The Bombay Stock Exchange (BSE) and National Stock Exchange (NSE) will move scrips of several firms to the restricted trading segment from August 23 for their failure to convert a mandatory 50 per cent public shareholding into dematerialised format.
In the trade-for-trade category, or 'T' Group, no speculative trading is allowed and delivery of shares and payment of consideration amount are mandatory.
While BSE would transfer 54 scrips to the trade-for-trade segment or 'T' group, NSE would transfer 12 stocks to this category.
Some of the scrips which would be moved to 'T' Group on both the bourses are Birla Power Solutions, KDL Biotech, Polar Industries and Shree Ashtavinayak Cine Vision.

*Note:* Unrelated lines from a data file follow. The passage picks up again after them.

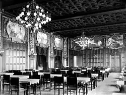 The restaurant had linen tablecloths and napkins on the tables, and the walls was covered with wooden panels.[1] The ladies of Stockholm's socialite were invited and a new trend of serving coffee was introduced.[2] The restaurant was originally called Terrassen ("The Terrace") after its open-air section.[1]
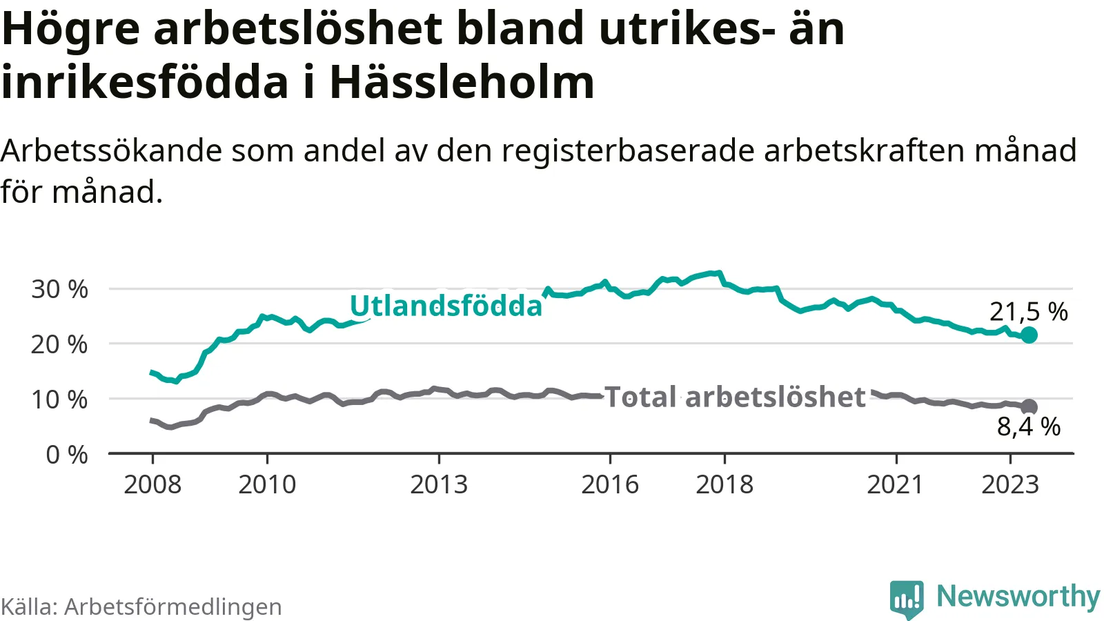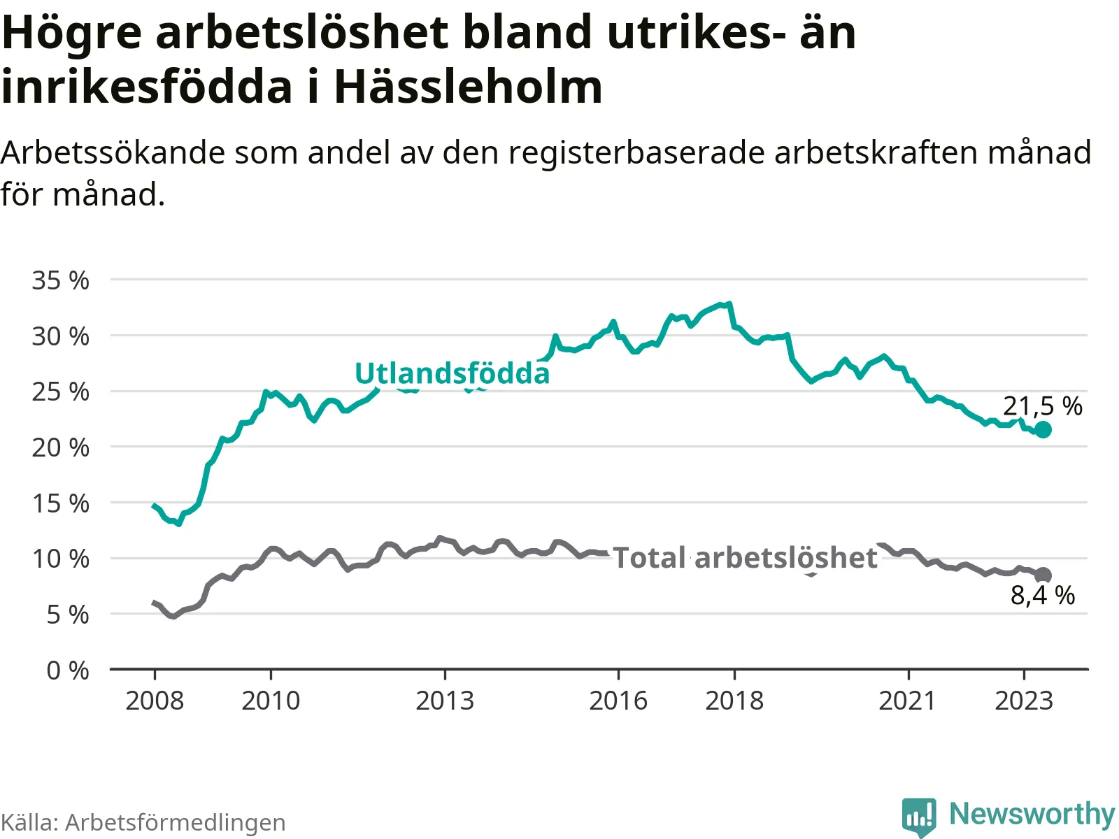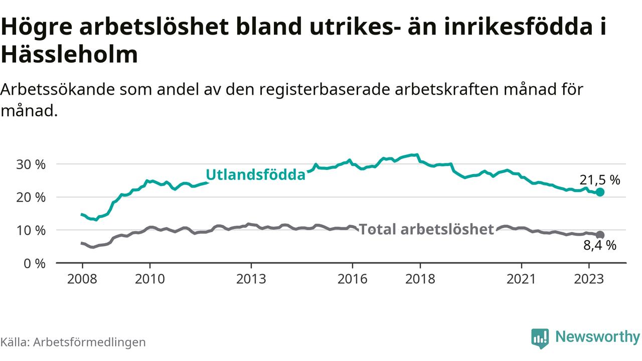 Skillnaden i arbetslöshet mellan utrikesfödda och hela befolkningen är 13,1 procentenheter i Hässleholm.
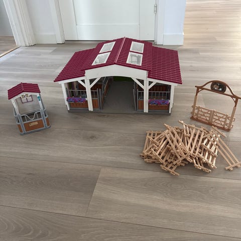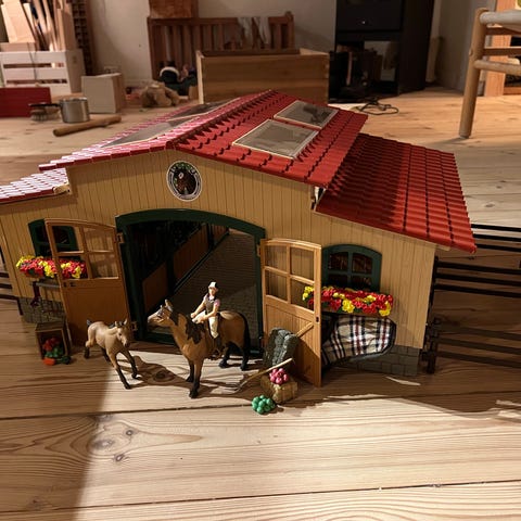 Schleich Häststall och tillbehör leksak med olika hästar, figurer och utrustning. Inkluderar stallbyggnad, hästtransportfordon, ridredskap och diverse tillbehör för lek och samling.
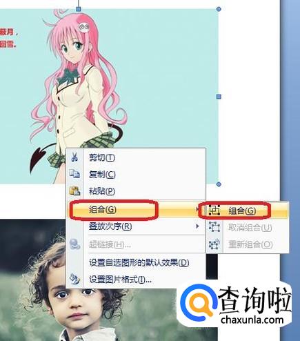 按住“ctrl键”,然后点击两张图片同时选中,单击右键,弹出菜单中选择“组合”。
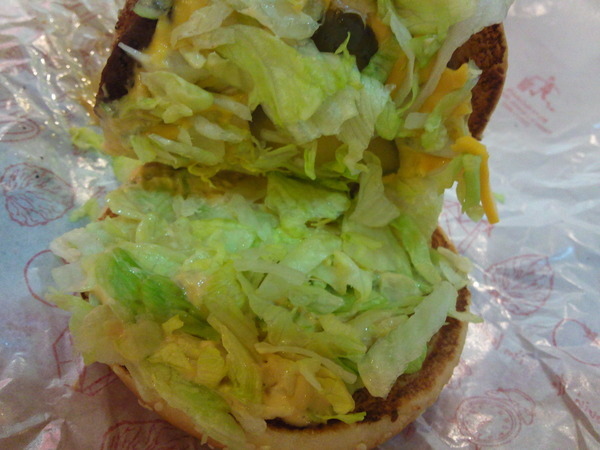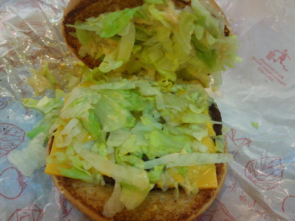 小麥克漢堡實體-因為有請服務生加生菜,所以看起來一整個爆

According to guidelines of market regulator Sebi, shares of listed companies which have not achieved at least 50 per cent of their public holding in dematerialised (demat) or electronic form would have to trade in the 'T' Group category.
According to BSE, these firms have not achieved 50 per cent public shareholding in demat form as per the shareholding pattern submitted by them for quarter ended June 2013 or have not submitted the shareholding pattern or given incorrect shareholding pattern.
Besides, as many 442 scrips on the BSE and 19 stocks on NSE will continue to remain in 'T' group since they have not complied with the 50 per cent demat criteria.
These firms include Dhanus Technologies, Amar Remedies, Tamilnadu Telecommunications and Standard Industries.
BSE has also decided to move 27 stocks out of the restricted-trade to normal settlement mode with effect from August 23, as they have complied with the demat target.
Companies like Wintac, Oxford Industries, India Cements Capital and Valuemart Retail Solutions are among those to be shifted to the normal trade category.